Solange beide Eheleute weiterhin in einem Schlafzimmer schlafen, das Wohnzimmer gemein­sam nutzen oder ein Ehepartner weiterhin für beide den Haushalt führt, liegt kein Getrenntleben vor.

Das Gericht hört die Beteiligten im Scheidungstermin zur Trennung an und fragt nach dem genauen Trennungszeitpunkt und den Trennungsmodalitäten. Übereinstimmende Schilderungen legt es seiner Entscheidung so zu Grunde. Schwierig wird es, wenn die Beteiligten dann das Leben in der Ehewohnung unterschiedlich schildern und das Leben und Schlafen in getrennten Zimmern oder die getrennte Haushaltsführung von einem der Ehepartner bestritten wird. Das Problem ist, dass das Getrenntleben in der gemeinsamen Wohnung dann oft kaum nach­gewiesen werden kann. Auch dann nicht, wenn zu Beginn die Trennung in der gemeinsamen Wohnung schriftlich vereinbart wurde. Da das kein Beweis dafür ist, dass die Aufteilung der Zimmer und die getrennte Haushaltsführung in den folgenden Monaten auch durchgehalten wurde. Die Beweislast für das Getrenntleben trägt bei einem Bestreiten ja der Antragsteller. Einen Scheidungsantrag sollte man sicherheitshalber nur dann auf ein Getrenntleben in der gemeinsamen Wohnung stützen, wenn der Antragsgegner die Trennung in der gemeinsamen Wohnung zum Ablauf des Trennungsjahres schriftlich bestätigt hat (bei einem Scheidungsantrag über scheidung-ohne-rosenkrieg.de erhalten Sie von mir mit dem Entwurf des Scheidungs­antrages ein entsprechendes Formular, welches Sie auch gerne vorab bei mir per E-Mail anfordern können).

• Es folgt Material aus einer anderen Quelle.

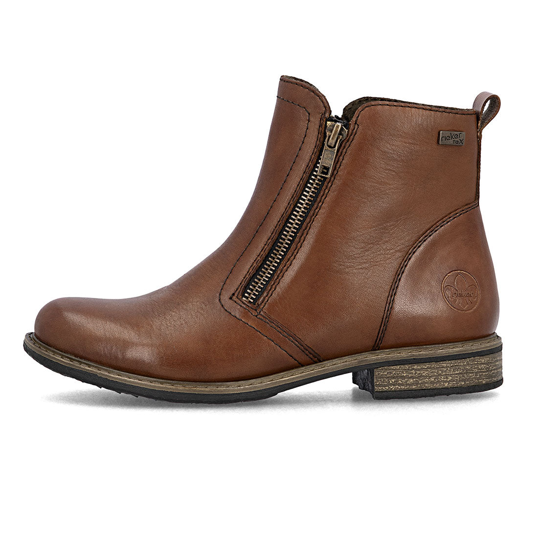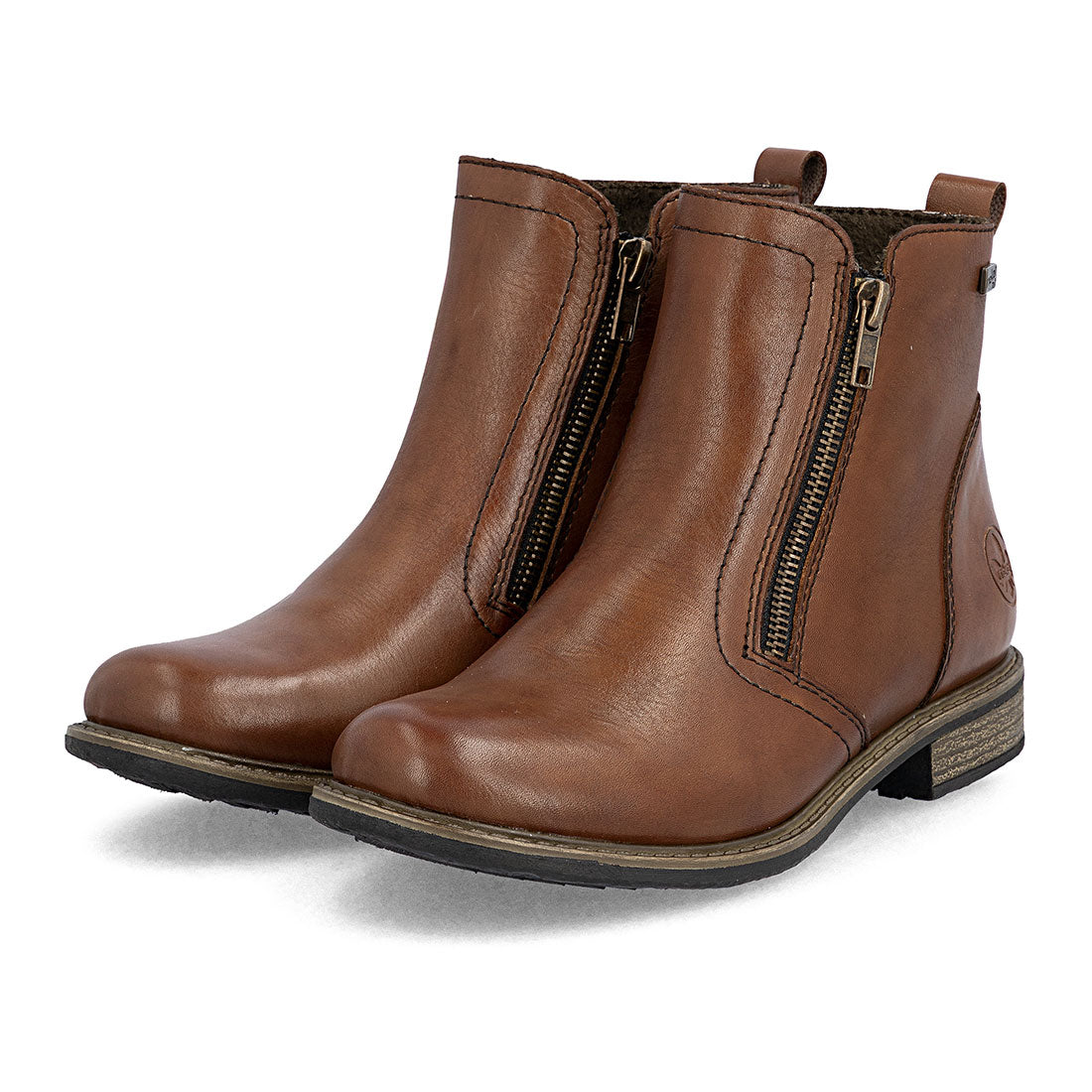 Rieker støvle til dame i brun. Lavet i blødt skind med 2 lynlåse for nem adgang. Let foring og blød, udtagelig sål i ekstra bredde H. Rieker Tex gør den vandafvisende. Hæl 2,5 cm. Skridsikker sål.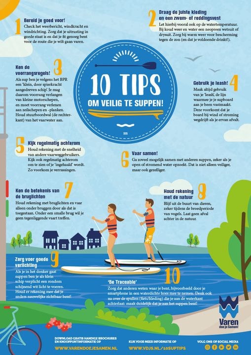 Stand Up Paddling, kortweg suppen, is op dit moment zonder meer de snelst groeiende vorm van watersport. Steeds meer mensen stappen op een sup. Logisch, want het is een laagdrempelige manier om actief op het water te zijn, of juist om te ontspannen. Om veilig te kunnen suppen heeft Varen doe je Samen een flyer gemaakt met tien tips die we graag met je delen. Ga je voor het eerst suppen, volg dan eerst de online cursus op Watersport-TV.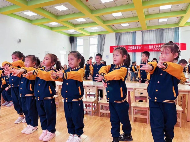 孩子們模仿了戲曲選段中的動(dòng)作。山丹縣東街幼兒園供圖
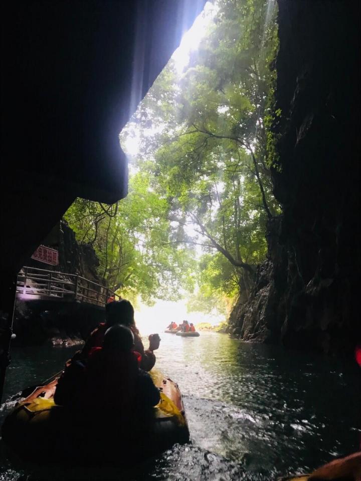 据说古龙山大峡谷在水季还是很刺激的,庆幸去的时候是枯水期,只是辛苦了船工。一路漂流,山青水秀,穿越溶洞而出的瞬间,阳光洒落,很有柳暗花明之感,真的非常值得一看。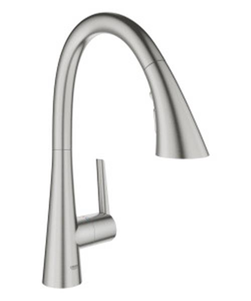 De GROHE Zedra keukenkraan wordt bepaald door een wijd uitlopende uitloop en elegante, vloeiende lijnen en is ontworpen met eenvoudige bediening als uitgangspunt, waardoor keukenklussen een fluitje van een cent worden. Ontworpen voor eengatsinstallatie laat de hoge C-vormige uitloop van de kraan veel ruimte over voor het vullen van grote potten of pannen, en de uitloop draait 360° voor extra flexibiliteit. De uittrekbare sproeikop is perfect voor het reinigen van de spoelbak of het klaarmaken van groenten en biedt 3 verschillende straalsoorten - een laminaire straal, een krachtige jet spray en de waterbesparende GROHE Blade Spray die het waterverbruik tot 70% vermindert. Er is ook een pauzeknop om de waterstroom stop te zetten - druk gewoon op de knop om de waterstroom te stoppen en het water begint opnieuw wanneer de knop wordt losgelaten. Wanneer je klaar bent, gaat de stroom automatisch terug naar de laminaire straal. GROHE Magnetic Docking zorgt ervoor dat de comfortabele sproeikop gemakkelijk op zijn plaats wordt getrokken. De GROHE SpeedClean zorgt ervoor dat je de sproeigaatjes kalkvrij houdt door er simpelweg je vinger overheen te vegen en binnenin zorgt een GROHE SilkMove cartouche voor een soepele, precieze bediening die de levensduur van de kraan meegaat. Installatie is snel en probleemloos dankzij het GROHE FastFixation Plus installatiesysteem. Deze monobloc keukenmengkraan ziet er nog jarenlang perfect uit omdat het een duurzame GROHE Long-Life afwerking heeft in combinatie met PVD-coating dat zorgt voor extra krasbestendigheid.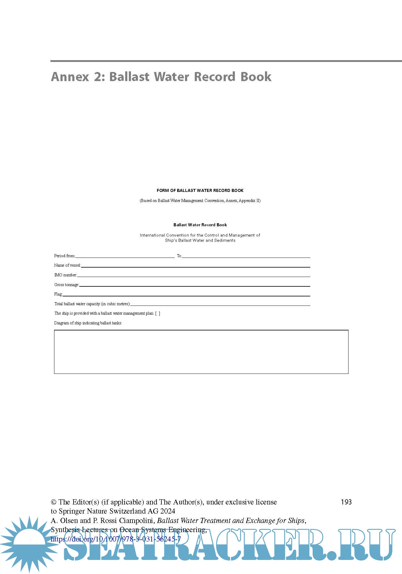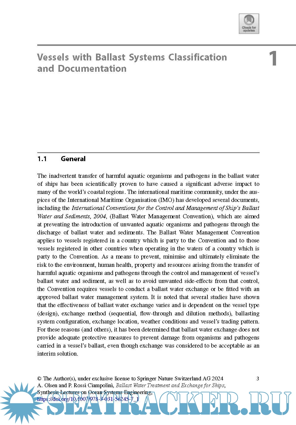 Year: 2024 Language: English Author: Alexander Olsen, Pamela Ciampolini Genre: Other Publisher: Springer Edition: 2024th edition (May 2024) ISBN: 9783031562457 Format: PDF/EPUB Quality: eBook Pages count: 212 (.pdf length) Description: The inadvertent transfer of harmful aquatic organisms and pathogens in the ballast water of ships has been determined to have caused a significant adverse impact to many of the world's coastal regions. The international maritime community, under the auspices of the IMO has developed several documents, including the “International Conventions for the Control and Management of Ship's Ballast Water and Sediments, 2004”, (Ballast Water Management Convention), which are aimed at preventing the introduction of unwanted aquatic organisms and pathogens through the discharge of ballast water and sediments. The Ballast Water Management Convention applies to vessels registered in a country which is party to the Convention and to those vessels registered in other countries when operating in the waters of a country which is party to the Convention. It has been determined that ballast water exchange does not provide adequate protective measures to prevent damage from organisms and pathogens carried in a vessel's ballast, even though exchange was considered to be acceptable as an interim solution. This book includes updates for the clarification of Survey requirements and adds the definition of biological commissioning, testing as well as requirements for Class approved Service Providers to conduct biological commissioning testing. Moreover, this book includes updates due to the adoption of the requirements from IACS UR M74, Rev. 2 and UR F45 and is applicable for existing ships, where an application for approval for the plans of BWMS is made on or after 1 July 2022; or for new ships contracted for construction on or after 1 July 2022.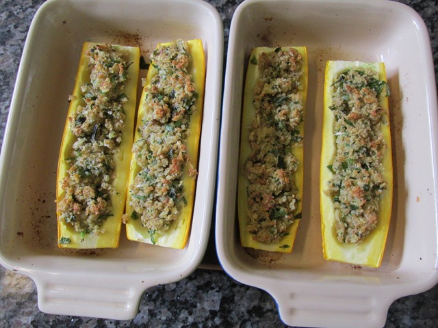 Preheat the oven to 425 degrees. Wash the zucchini, trim both ends, and cut in half lengthwise. With a melon-baller or teaspoon, scrape out seeds and some of the meat from the center, forming a groove down the length of the zucchini.

Bei einem Antrag auf Verfahrenskostenhilfe beschleunigt diese Bestätigung auch das Bewilligungsverfahren. In Betracht käme auch eine Bestätigung durch einen anderen Mitbewohner. Wer sicher gehen will, dass nach Ablauf von zwölf Monaten auch gegen den Willen des anderen Ehepartners die Scheidung durchgeführt werden kann, sollte auf getrennten Wohnungen im Trennungsjahr bestehen.